Much harder were Ume, the Houston-born power trio from Austin who have toured with the likes of Circa Survive and ...Trail of Dead in recent months. As usual, front woman Lauren Larson was a force of nature, wielding her sapphire Statocaster like a lightsaber as she whipped her hair furiously on cuts like "Black Stone." With a dynamic voice that goes from a soft lilt to a grungy yowl in a blink, she's the kind of rock and roll hero that girls and boys alike wish they could grow up to be.

Story continues on the next page.

When they arrived onstage at last, the Tontons paid tribute to a hero of their own -- Pam Robinson, the Walters Downtown owner and Houston scene fixture who passed away last week.

"She was one of the most inspiring, amazing people that I ever had the pleasure of meeting," said Omar, to a rapturous round of applause from a large crowd of people whom Robinson had invariably touched over the years.

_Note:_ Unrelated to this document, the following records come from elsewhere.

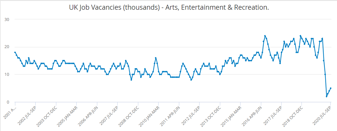 Jobs in the UK’s entertainment industry have fallen sharply over the course of 2020, data from the Office of National Statistics has revealed.
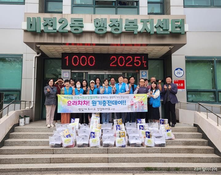 [리버럴미디어=공소리 기자] 평택시 비전2동 지역사회보장협의체는 지난 2일 지역 내의 홀로 사는 어르신 및 저소득 위기가정 15가구에 추석맞이 명절 먹거리를 전달하는 ‘으라차차 원기충전데이’를 추진했다.
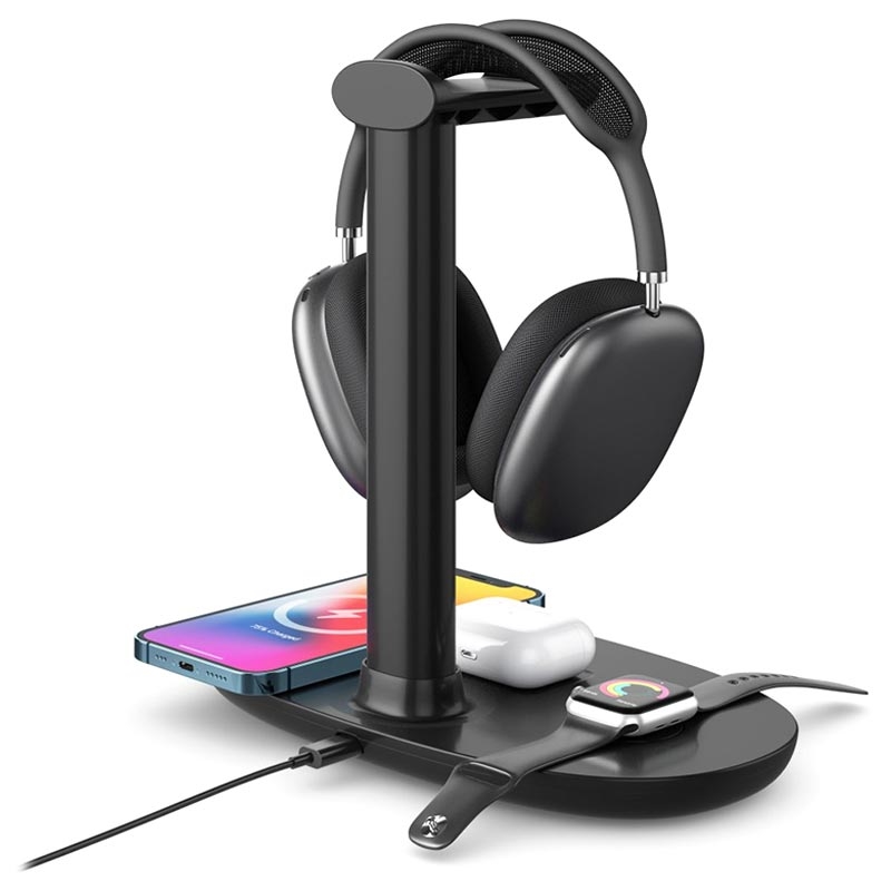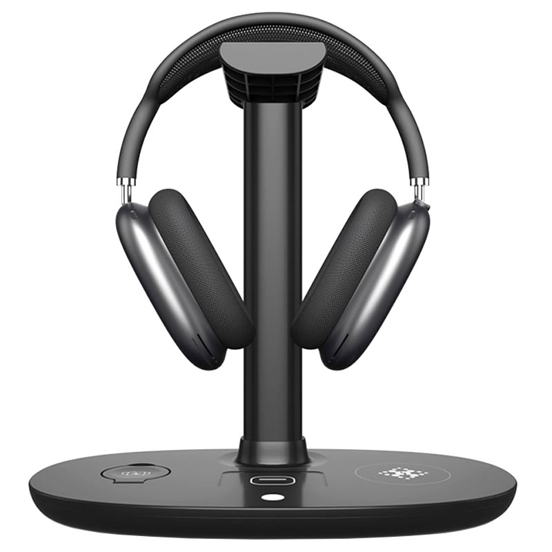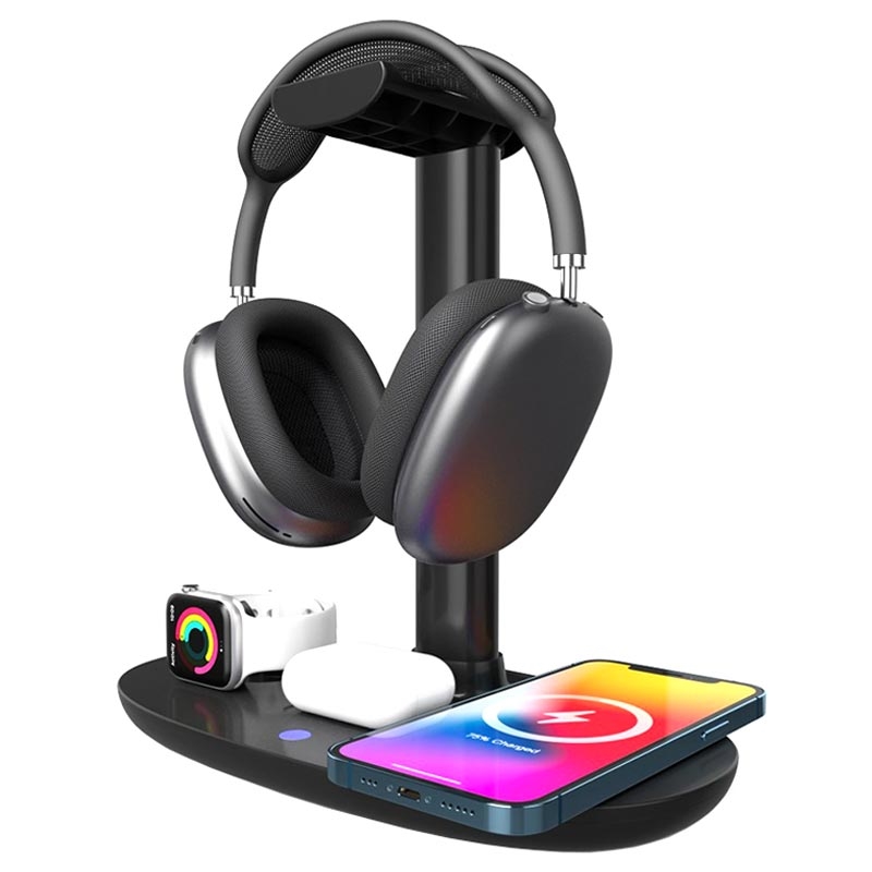 - Multifunktionel, trådløs opladningsstation med stativ til hovedtelefoner
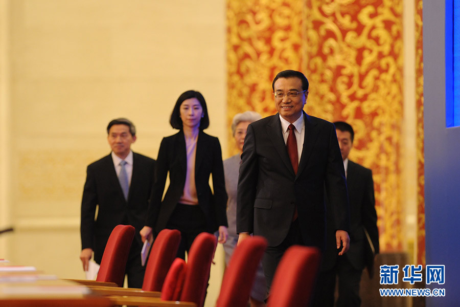 3月16日上午,國務(wù)院總理李克強在人民大會堂三樓金色大廳會見采訪十二屆全國人大四次會議的中外記者并回答記者提出的問題。圖為李克強步入金色大廳。 新華網(wǎng)/中國政府網(wǎng) 陳杰攝
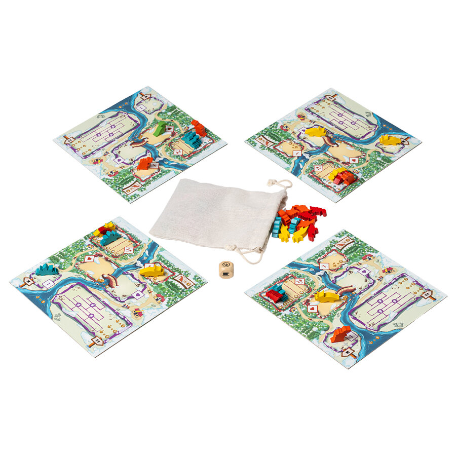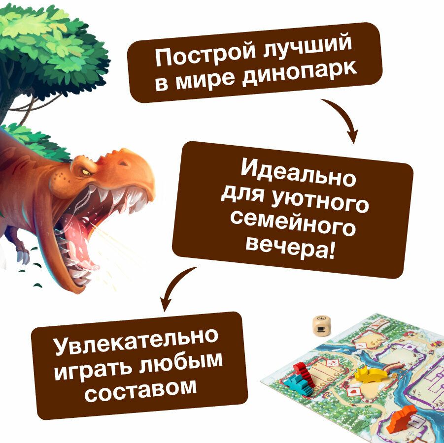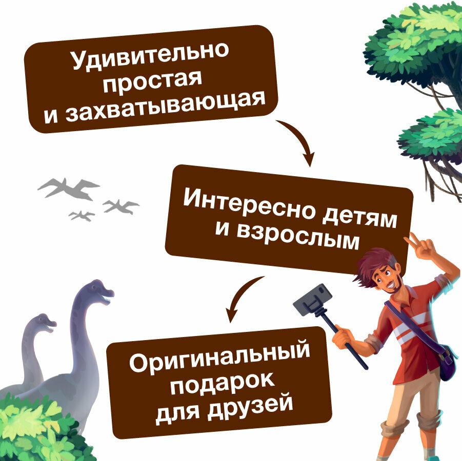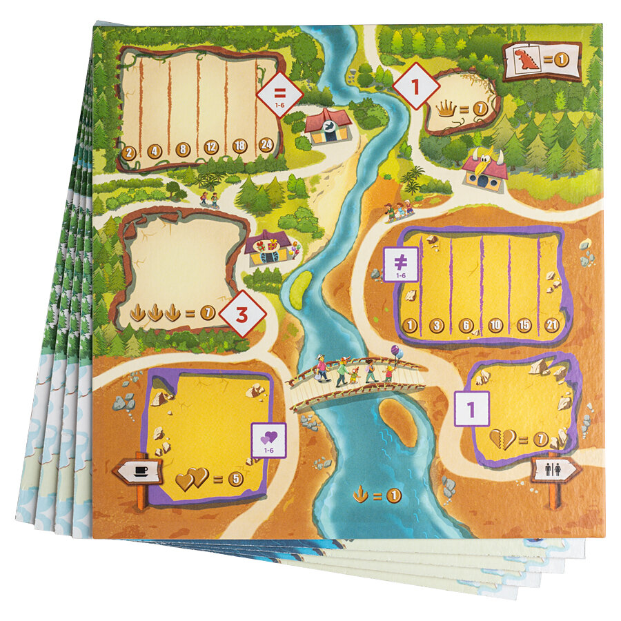 | Комплектация | 5 двухсторонних планшетов динопарка(одна сторона летняя, другая — зимняя), 60 фигурок динозавров (по 10 каждого вида), 1 кубик места, 1 мешочек, правила |
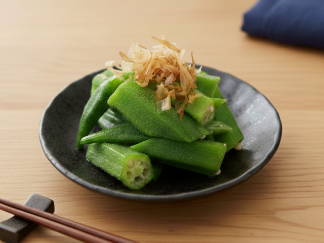 簡単美味しい おくらのレンジ蒸し 分量 2人分 材料 おくら10本塩適量A)白だし小さじ1/2A)ごま油3滴調味塩適量鰹節適量 作り方 1、おくらを塩もみする。2、ガクの部分でヘタを切り落とし、半分に切る。3、おくらを耐熱容器に入れ軽くラップをし、1分半程レンジで加熱する。4、おくらにAを入れ混ぜ、調味塩で味を調える。5、小皿に盛りつけ、鰹節を乗せたら出来上がり。
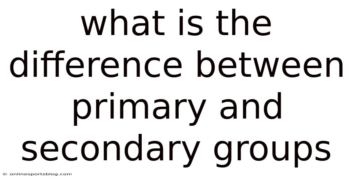 - What is the main difference between primary and secondary groups? The main difference between primary and secondary groups is the level of intimacy, emotional connection, and purpose. Primary groups are small, intimate, and formed for emotional support and companionship, while secondary groups are larger, more formal, and formed for specific purposes or goals.
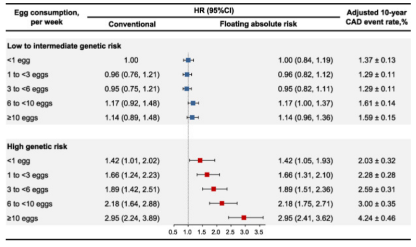 结果发现,随着鸡蛋摄入量的增加,高血压和糖尿病的患病率以及发生 CAD 的风险也会增加。在中位随访 11.7 年中,参与者报告了 1,128 例 CAD 病例。
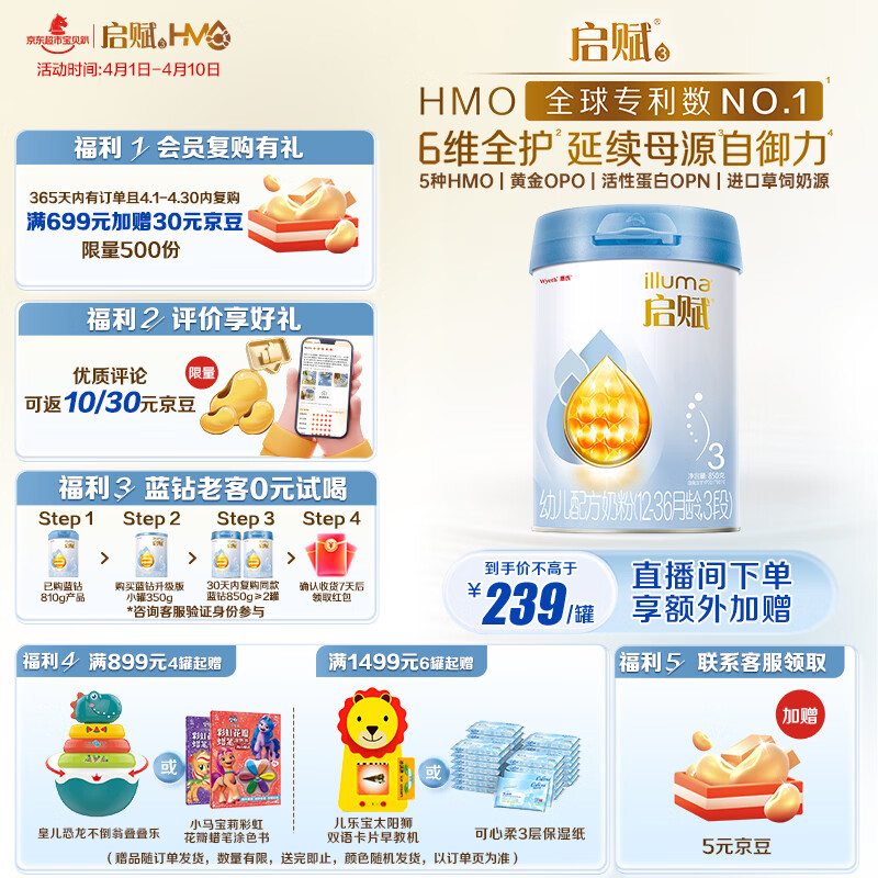 惠氏(Wyeth)启赋蓝钻【加量装】HMO幼儿配方奶粉3段(12-36月)850g 黄金OPO
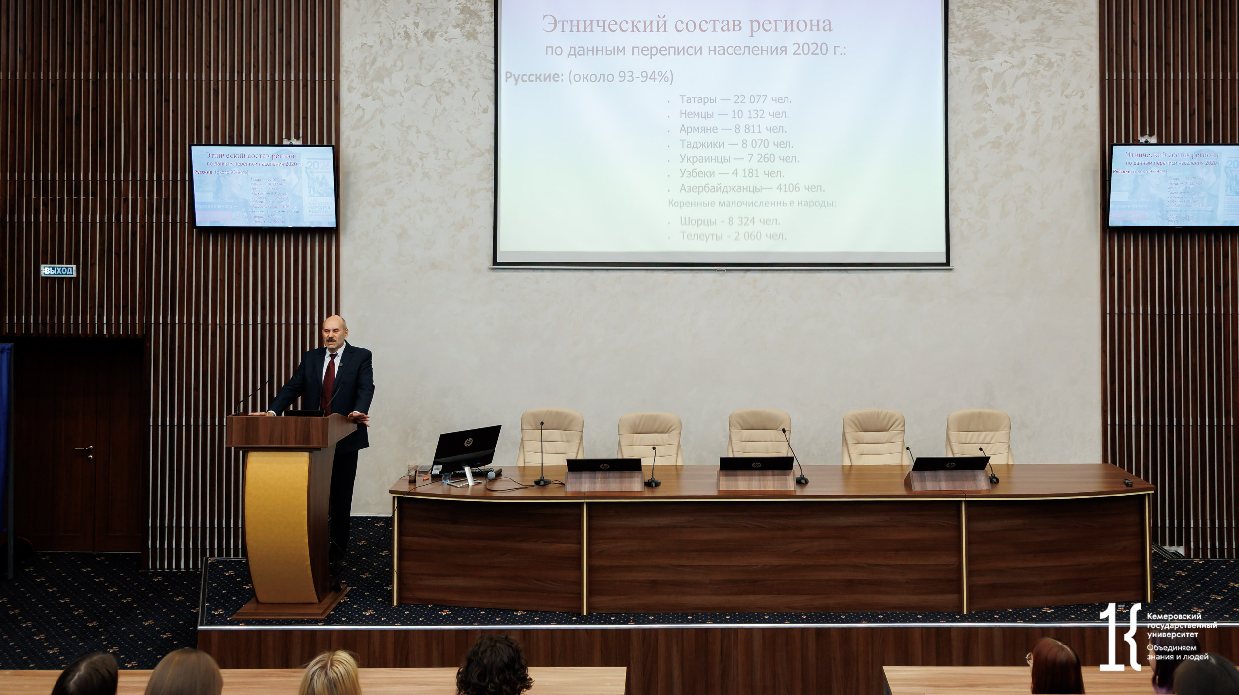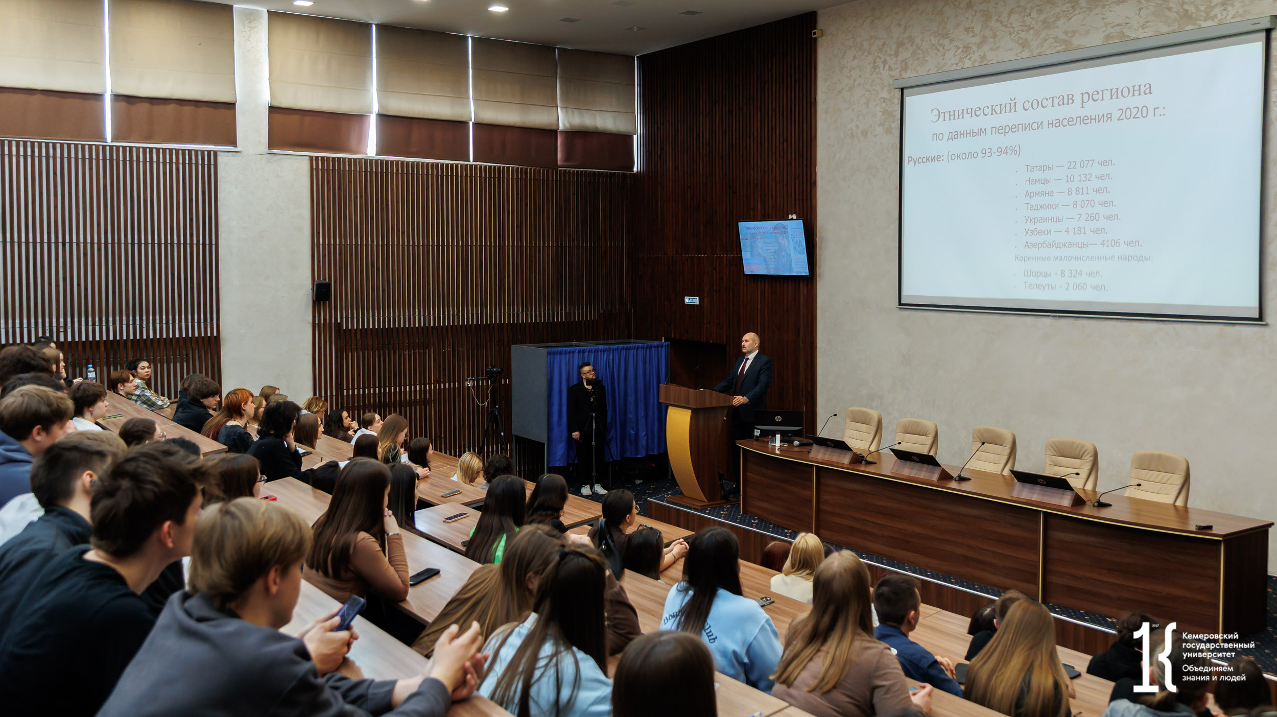 10 апреля 2026 года в Кемеровском государственном университете (КемГУ) доктор политических наук, профессор кафедры Философии и общественных наук КемГУ Сергей Николаевич Чирун прочитал лекцию «Образ будущего. Межнациональная политика как фундамент суверенитета России», собравшую более 200 студентов, преподавателей и представителей национальных объединений региона.
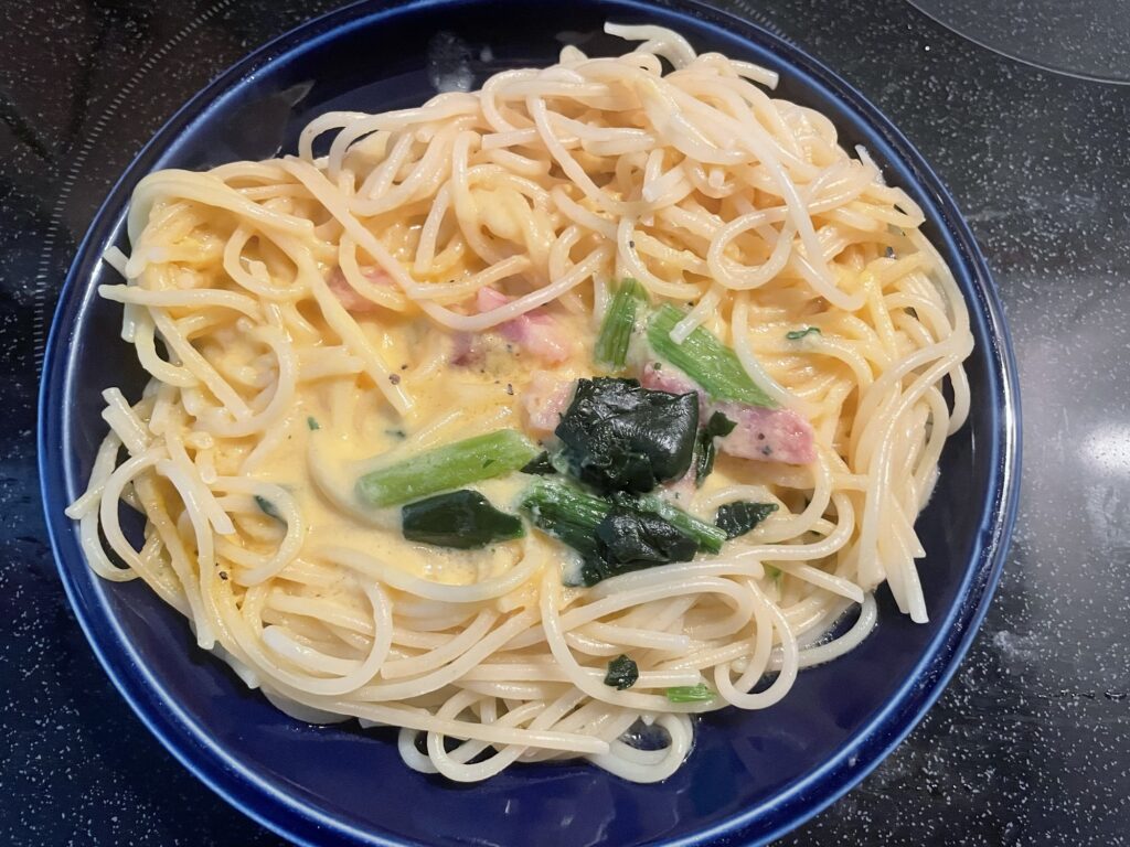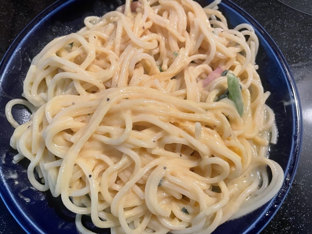具材はベーコンとほうれん草が入っており、彩りも豊か。濃厚なソースの中で、ブラックペッパーのピリッとしたアクセントが効いており、最後まで飽きさせない工夫が感じられます。
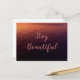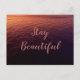 Hermosa postal motivacional con la palabra "Stay Beautiful" en letra simple y fondo de fotografía de agua del océano al atardecer.
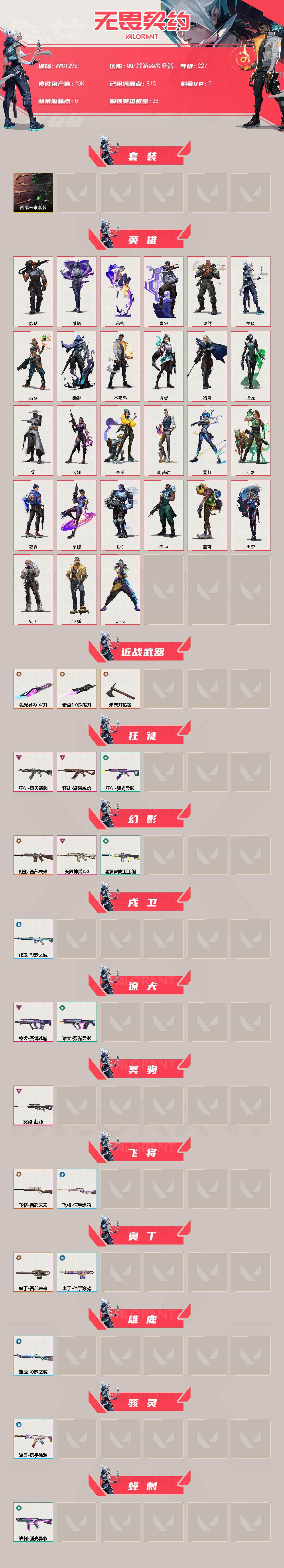 【WWC1298】终极*10/卓越*5/皮肤*38/等级*227/段位:黄金/西部未来套装/幻棱/炼狱/维斯/暮蝶/钛狐/壹决/铁臂/捷风/雷兹/幽影/不死鸟/贤者/猎枭/蝰蛇/零/芮娜/奇乐/尚勃勒/霓虹/斯凯/夜露/星礈/K/O/海神/盖可/黑梦/钢锁/近战武器-奇点//2.0 蝴蝶刀/近战武器-未来开拓者/近战武器-弧光异彩 军刀/狂徒-堕天遗武/狂徒-耀鳞威龙/狂徒-弧光异彩/幻影-西部未来/幻影-天界神兵//2.0/幻影-噬源兽防卫工程/戍卫-彩梦之城/獠犬-赛博迷城/獠犬-弧光异彩/
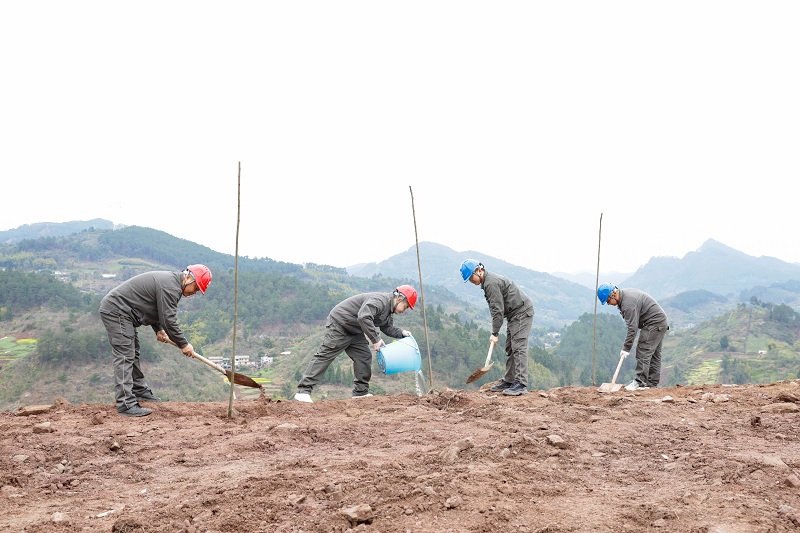 国网武隆供电公司青年员工在凤山街道万银村开展植树活动。(夏周 摄)

It was a more muscular sound from the Tontons than I'd heard before on Friday, thanks to guitarist Andrew Lee of Wild Moccasins sitting in for the night. Keyboardist David Lascoe of Poor Pilate was also on hand for a number of tunes, beefing up familiar songs even further. The band sounded more powerful than ever before on several familiar songs, and even reached back to pull out some of their oldest ones, like the whimsical, little-played "1860" from their first record.

Omar, for her part, was as cute and captivating as ever, and brimming with confidence. It was a very chilled-out atmosphere inside Fitz, what with so many longtime fans, friends and family in attendance. After the band closed its set with their best song, "Golden," they returned for what Asli promised would be one more, but Adam Martinez just kept starting up more and more tunes until it felt like the band had played every song they knew.

And the crowd let them. Nobody headed for the exits. This was the Tontons in Houston, man. There was no place else to be.

Personal Bias: Houstonian.

The Crowd: Hipsters, scenesters and those who are simply aspiring.

Overheard in the Crowd: "That beard is so serious."

Random Notebook Dump: It was almost a surprise that Bun B didn't make an appearance.